Not establishing the need
Clients with a family experience in long-term care understand the need for coverage. For others, it is critical to establish the need. Make sure your clients understand what the coverage is and what their risks are. Let them know the biggest misconception about Medicare is that it covers LTC costs. If they are thinking of self-insuring, ask them what assets they would liquidate first if there were a crisis.
Not getting expert advice
Very few advisors are LTC Insurance specialists, so they need to have an expert on call. Often that person may be a carrier wholesaler, but what if you want to consider all options and not just one? One example of that help is LTCI Partners’ assisted sale program, in which one of our long-term care specialists will do a conference call with you and your clients to explain the coverage to them and answer any of their questions. This helps your clients feel secure that all of their questions and concerns have been covered and to feel confident in their decision to purchase long-term care insurance. Occasionally, an advisor will attempt to rush the process. They will schedule clients for our Application Partner service (we call clients and complete the application by telephone) before the clients are sold on the product or understand the benefits and pricing. This typically does not end well.
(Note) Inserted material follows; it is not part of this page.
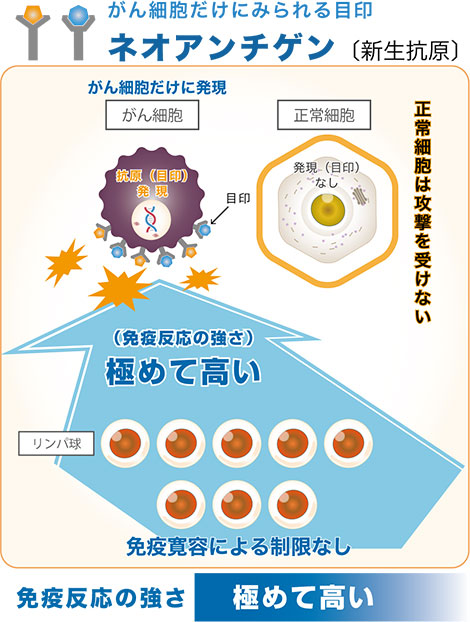この新しいワクチンは、がんのみに発現する新生抗原(ネオアンチゲン)を目印に、リンパ球が攻撃をします。

Creating Analysis Paralysis
Some advisors like to show clients quotes from multiple carriers, with several different monthly benefits, 3, 4 and 5-year benefit periods, and other options. All of this is overwhelming and confusing to the client. If they don’t understand the product in the first place, showing them 12 different versions of it isn’t going to help.
Let us help you do the research on the best carrier for your client. Then present a good, better, best plan with that carrier. Your client will see choices at three price points. They can choose the plan that works best for their budget. This is the best way to avoid losing a sale due to the next item, which is:
Quoting too expensive a plan
Sometimes advisors think wealthy clients will agree to a very expensive long-term care plan: one with 6 years of coverage and a high monthly benefit. For a mature couple, such a plan might cost $12-14,000 a year. The couple is interested in long-term care protection, but they can’t bring themselves to agree to that expense. They say, “we need to think about it.” And that is the last thing you hear. If you give your clients two or three options at varying price points, you allow them to choose one that best meets their budget. Just for perspective, here are some average premiums our partners sold to couples in 2015:
For price-sensitive clients, $2,072 per person or $4,144 per couple per year
For middle income clients, $2,408 per person or $4,816 per couple per year
For upper income clients, $2,903 per person or $5,806 per couple per year
Read on for what causes advisors to “over quote” long-term care insurance.
Covering 100% of the risk
Some advisors quote a plan that covers all of the risk of a long-term care event. This includes the longest possible benefit period, say 6 years, and a high monthly benefit and a high inflation rider. This will result in an expensive plan that might not be affordable for your clients. Claims data show that the average length of long term care claims is 2.85 years (AALTCI Sourcebook 2014). Chances are, your client does not need five or six years of benefits. Long-term care protection is not an all or nothing thing. It is better for your clients to have protection against part of the risk than to have no protection at all.
Quoting the wrong rate
It’s tempting to quote long-term care insurance with a preferred rate since it’s 10-15% lower than the standard rate. However carriers recommend that you always quote the standard rate. Carriers issue policies at the lowest premium available based on the underwriting results. So your healthy clients who were quoted at standard will receive a pleasant surprise, when the policy is issued at the preferred rate. Your clients without preferred health will be hit with a higher premium than they applied for, which might cause them to walk away if they are budget conscious. For the easiest way to select the right rate, read on.
Failing to Pre-screening
Perform a basic pre-screen before writing a long-term care quote for your clients. If you can, email an underwriting questionnaire to your client. At the very least, basic information such as height and weight, prescription medications and if they have illnesses such as diabetes, can help us quote more accurately.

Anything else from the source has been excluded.